The COVID-19 pandemic has required the clinical research industry to find new and innovative ways…
In this interview Janet Manzo, Executive Director of the Ontario Cancer Research Ethics Board, discusses the development of a province-wide ethics review system for multi-centre clinical trials, as well as the advantages of initiatives like the Standard Consent Template, which promotes the harmonization of administrative processes and platforms.
She also explains how this allows one applicant to submit all study-wide post-approval applications on behalf of all participating centres, and how the ability for sponsors or CROs to assist with the study-wide applications is one of the key factors behind the OCREB‘s success.
Can you tell us about the Ontario Institute for Cancer Research and your role there?
OICR is a not-for-profit translational research institute. It’s dedicated to research in all areas of cancer; prevention, early detection, diagnosis and treatment. It has a wide array of programs covering the bench to bedside approach and that includes cancer stem cell programs, imaging, drug discovery, genome technologies, health services research and high impact clinical trials, to name a few.
OICR is supported by the government of Ontario through the Ministry of Research and Innovation, however it benefits from many external partnerships and so its reach is well beyond the borders of Ontario. OCREB is an independent expert oncology research ethics board, or IRB as they’re known in the United States. And as a central REB, OCREB basically provides ethics review and oversight of multi-centre cancer trials for sites in Ontario.
What is the overall mission for OCREB and what are the issues you’re trying to solve?

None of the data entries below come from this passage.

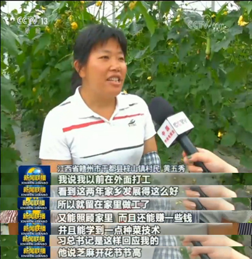 兩年前,梓山鎮(zhèn)的六個(gè)村子合力建起了這個(gè)蔬菜產(chǎn)業(yè)園?,F(xiàn)在,產(chǎn)業(yè)園每年可提供時(shí)鮮蔬菜6萬噸,不少村民也回鄉(xiāng)打工,戶均年增收近萬元。村民黃五秀把這個(gè)好消息告訴給了總書記。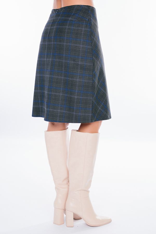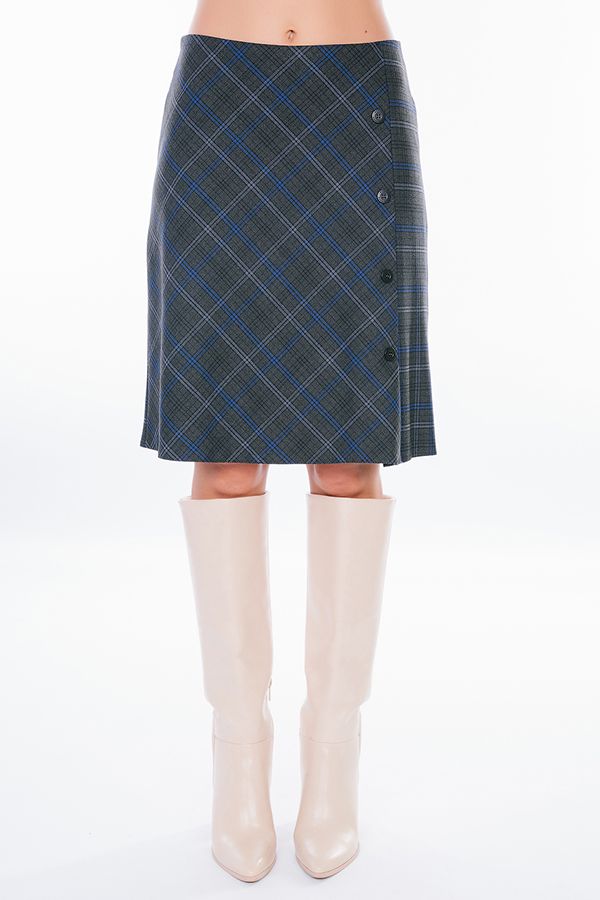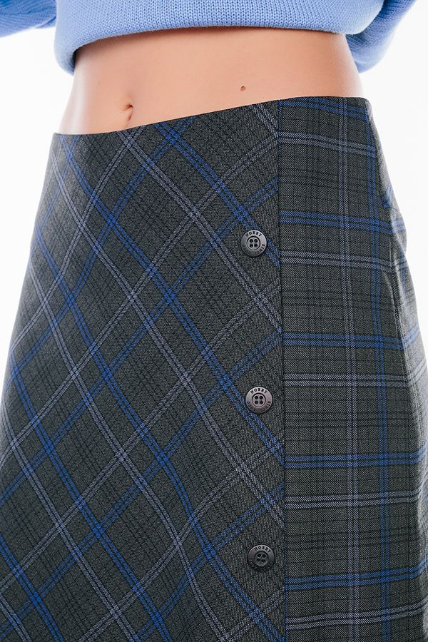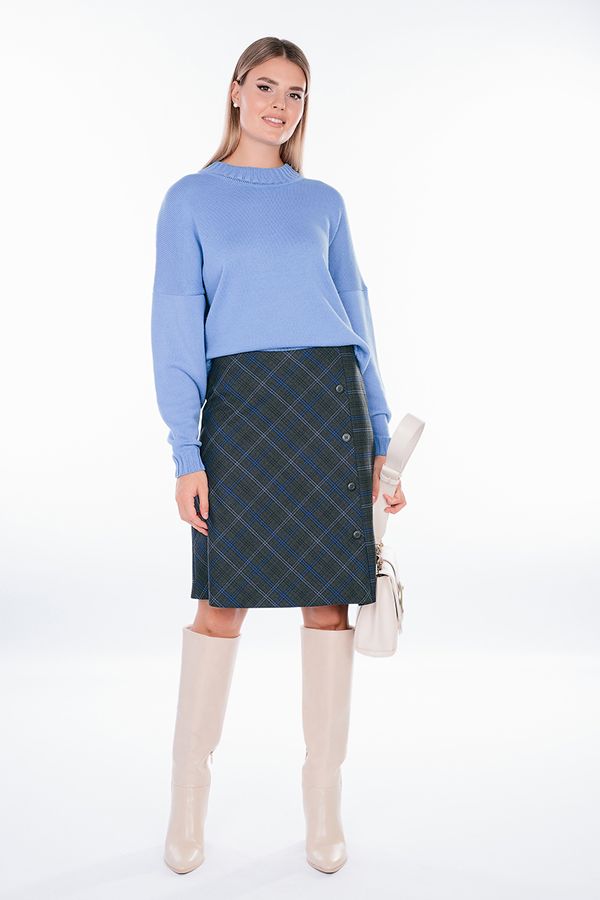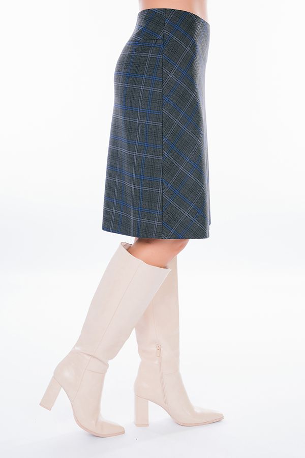 Юбка А-образного силуэта из благородной клетки. По передней половинке разрез, четыре пуговицы. Сзади кокетка, в среднем шве потайная молния. Юбка на подкладе. Длина изделия: 56 см. Размер  модели на фото: 44.  Параметры модели: 86-63-94. Рост модели на фото: 173 см.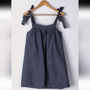 Lulus Exclusive! Take on a cute new style with the Lulus Absolutely Darling Dark Blue Tie-Strap Mini Dress! Woven cotton shapes this dreamy dress that has wide tying straps and a straight neckline. The relaxed babydoll-inspired silhouette has light gathering at the neck and flows down to a mini hem.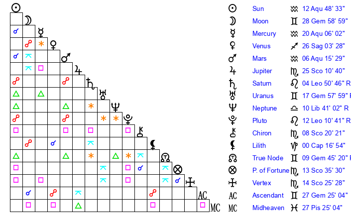 | Neptune | 10 Libra 41 | 28 Pisces 0 | 8 Libra 52 |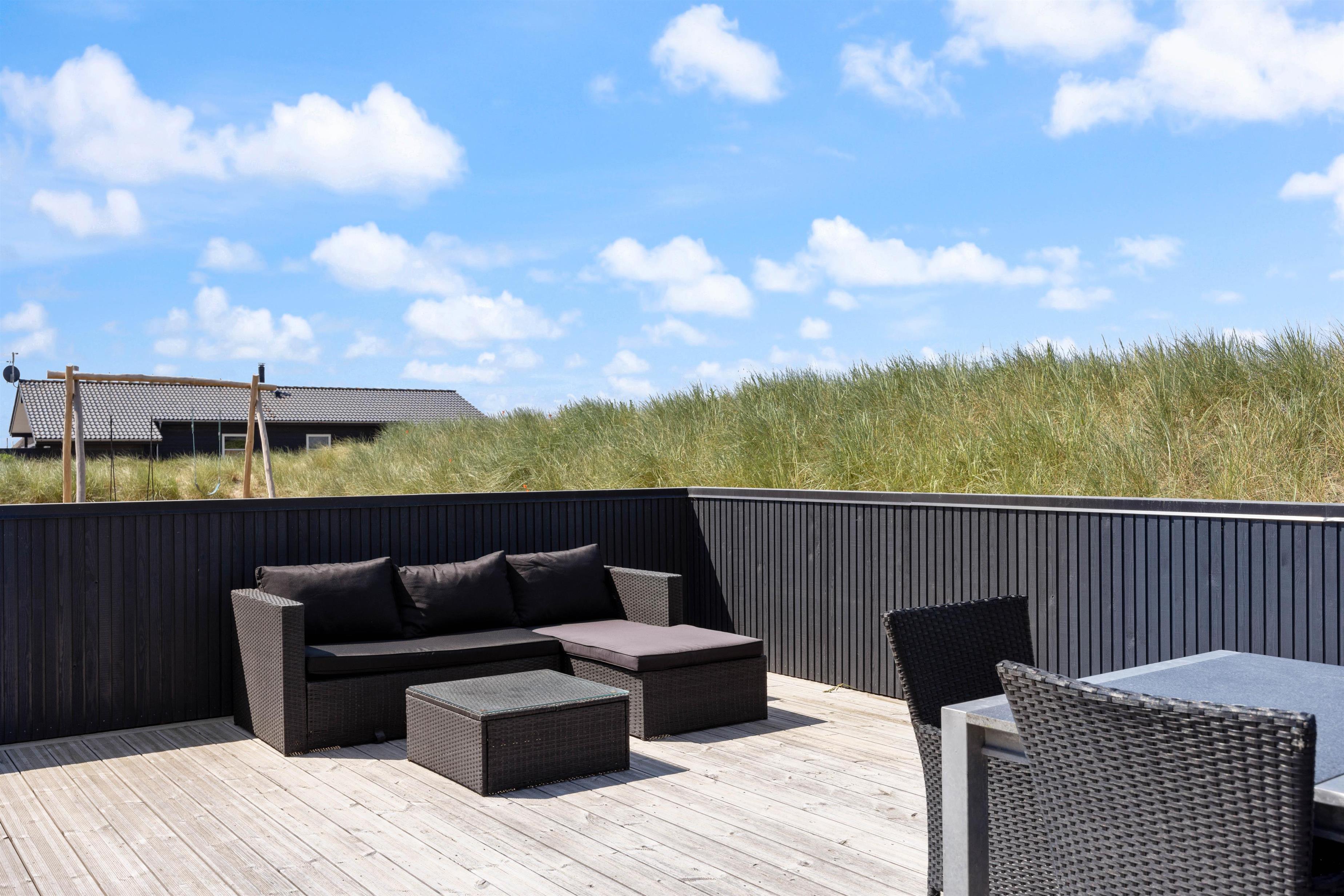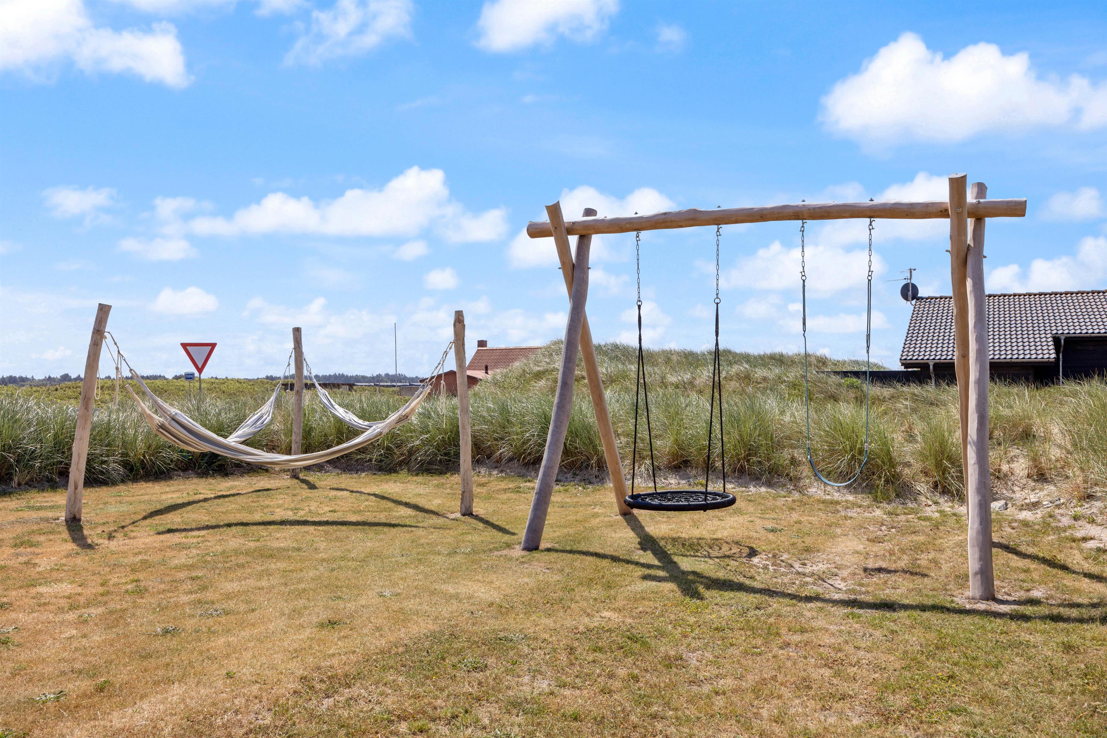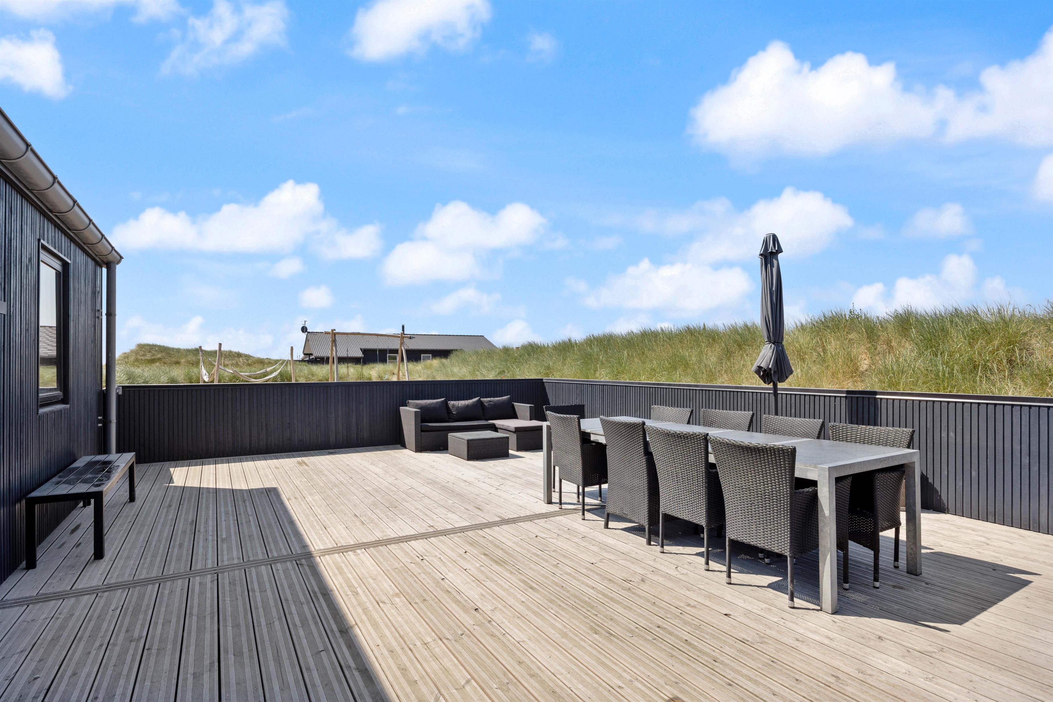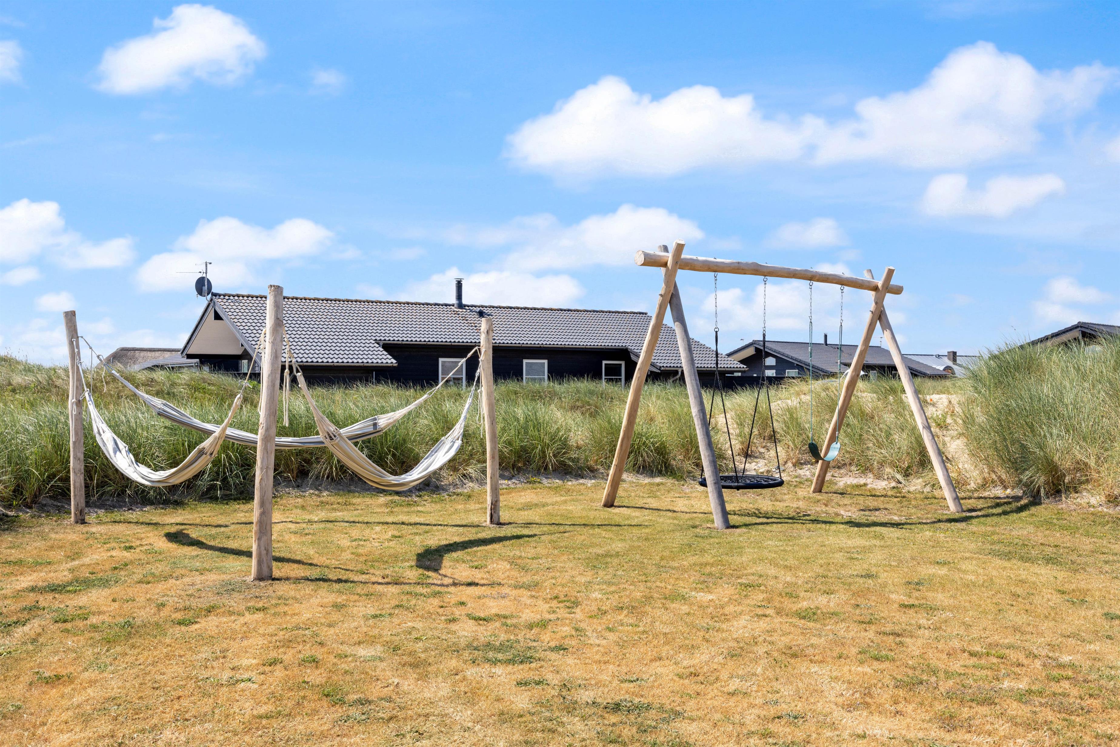 En stor, lukket træterrasse løber rundt om feriehuset og giver jer de bedste forudsætninger for at nyde den friske luft. Her finder alle 10 feriegæster nemt en plads i solen, og I kan uden betænkeligheder lade hundene vandre omkring på den lukkede terrasse, mens I tilbereder middagen på grillen eller læner jer tilbage i udespaen. Der er også både et gyngestativ og en hængekøje til rådighed.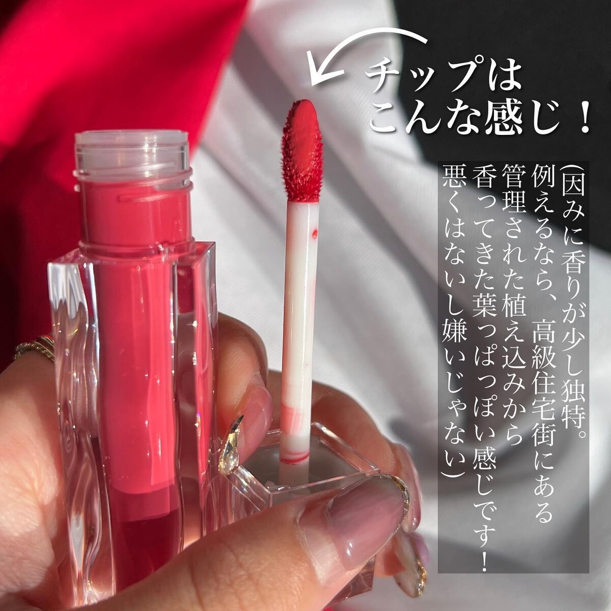 何が好きってもう見た目が可愛い! 磨りガラス風でコロンとしてて、これ 嫌いな女子おるんか?って思う🤤💓 そして香りね!りんごソーダ🍎みたいな 匂いがするのよ〜癒され!! そして当たり前に色と色持ちが良いです!!👍🔥 どんなカラータイプの方にでも対応したカラバリと、 塗った唇の満ち足りた果汁感……!🍋✨ 潤いが続く時間が長いと感じたよ🤗 そしてしっかり染まってくれるので、 色持ちもバッチリ! 一本1,800円と安くはないけど、買って後悔はさせないはず! 即完売しちゃうくらい人気だから、ぜひお早めにー🙋♀️💓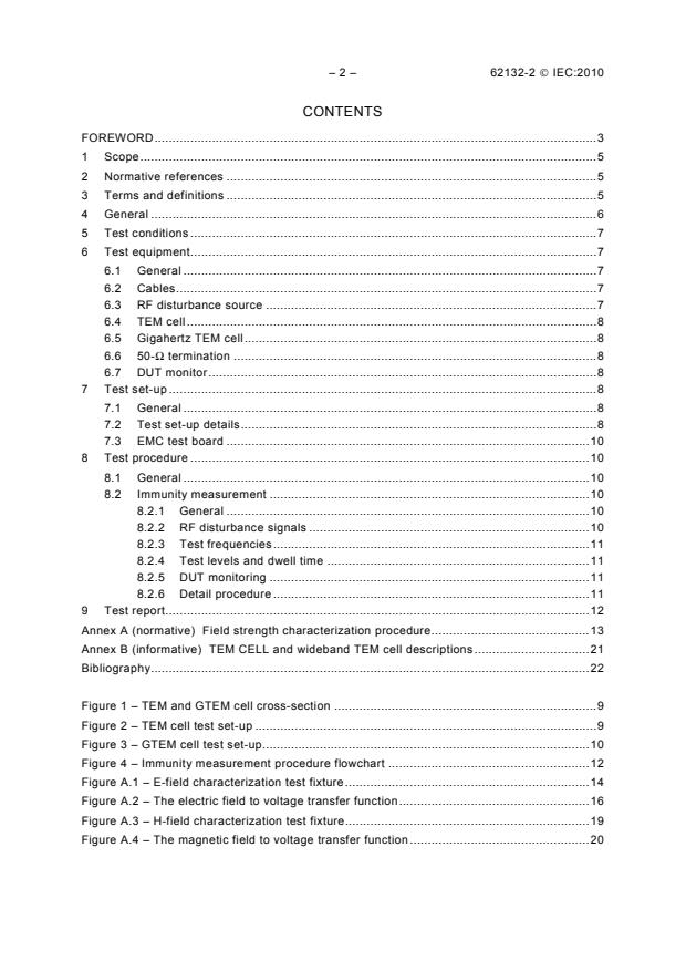 IEC 62132-2:2010 specifies a method for measuring the immunity of an integrated circuit (IC) to radio frequency (RF) radiated electromagnetic disturbances. The frequency range of this method is from 150 kHz to 1 GHz, or as limited by the characteristics of the TEM cell.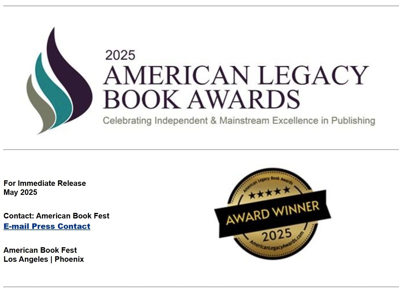Each year the Florida Authors and Publishers Association (FAPA) sponsors the FAPA President’s Book Awards, which recognizes book publishing ex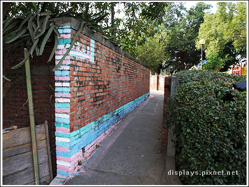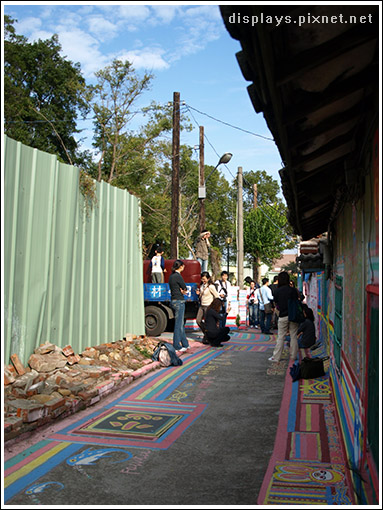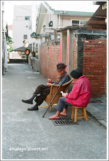 老伯伯以他家為起點,逐漸向外擴展他的畫布,畫布上的畫作風格鮮明,多是童心和異想的塗鴉,和勸世人的語句。說真的,很難想像作者是位70、80歲的老伯伯(有這麼老嗎?﹚。這個眷村幾乎都只剩住老一輩的長輩或是年稚幼童,像我們這樣的觀光客越來越多,會不會打擾到他們原本安寧的生活作息呢?我在繪畫巷的盡頭轉彎裡,看到三四位老先生老太太在自家門前曬太陽嗑牙、聊八卦(?)。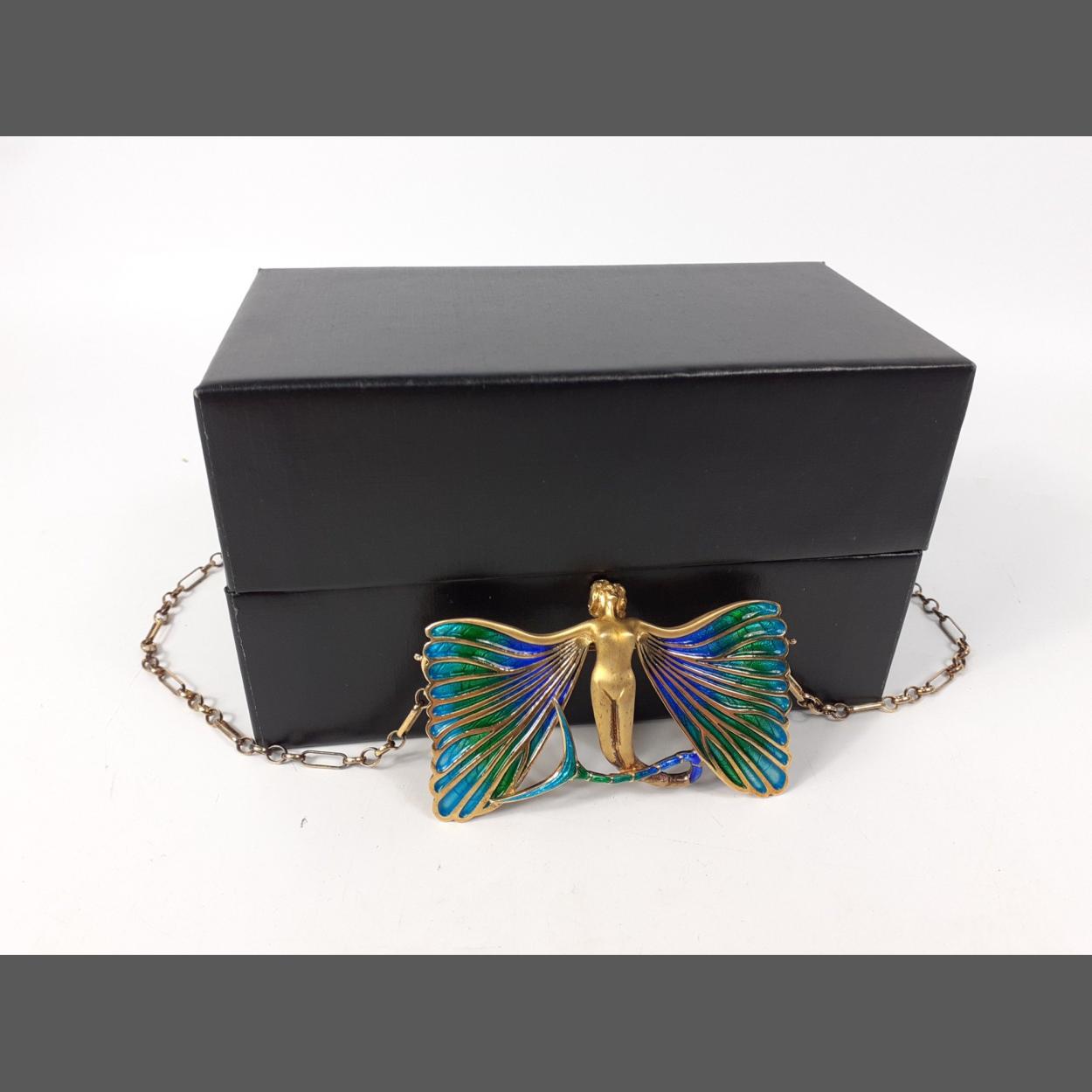 OOOO LA LA - A LALIQUE inspired emulation brooch / pendant in silver gilt setting on a 925 stamped chain made bespoke by ALCHEMIA GALLERY of Edinburgh Scotland. Vitreous enamel wings and tail in stunning colours on this flying nymphette. Total weight 52g approx. 75mm across from wing tip to wing tip. In excellent undamaged condition but would benefit from a gentle clean.

There was an organization called the Ontario Cancer Research Network, or OCRN, which was the predecessor to OICR. And the OCRN was formed in 2001 to enhance the cancer research environment in Ontario. And during its consultation process stakeholders identified ethics review of multi-centre cancer trials as one of the many areas in need of drastic improvement. The overall vision of OCREB is to advance ethically sound research in Ontario through innovation and collaboration. Its mission is to provide quality ethics review and oversight of multi-centre cancer trials while reducing delays and eliminating duplication. So, the underlying principle is to do it once and do it well. OCREB now serves 26 of the 27 sites that conduct cancer trials in Ontario.
How has this centralized and streamlined approach to REB review and approval impacted the administrative burden associated with conducting oncology clinical trials?
There are two key steps to using OCREB. First, there is the review and approval of the study, and then there’s approval to conduct the study at each participating centre. So, the first step is the submission of a lead or generic application, which is what we call the provincial application. Basically, one of the participating investigators submits to OCREB on behalf of all participating centres in Ontario, and he or she becomes what we call the provincial applicant. It’s important to note that provincial applications can be submitted to OCREB in parallel with applications to Health Canada. So, once the study is approved, the provincial applicant is responsible for submitting all study-wide post-approval applications to OCREB on behalf of all participating centres.
The second step is the submission to OCREB of an abbreviated centre-specific application by each participating site. Each centre simply downloads the approved provincial consent form and makes administrative changes for use at their site. Each Principle Investigator is responsible for the conduct of the study at his or her centre, and for submission of all centre-specific post-approval application forms. And by that I mean things like local SAEs, protocol deviations, etc…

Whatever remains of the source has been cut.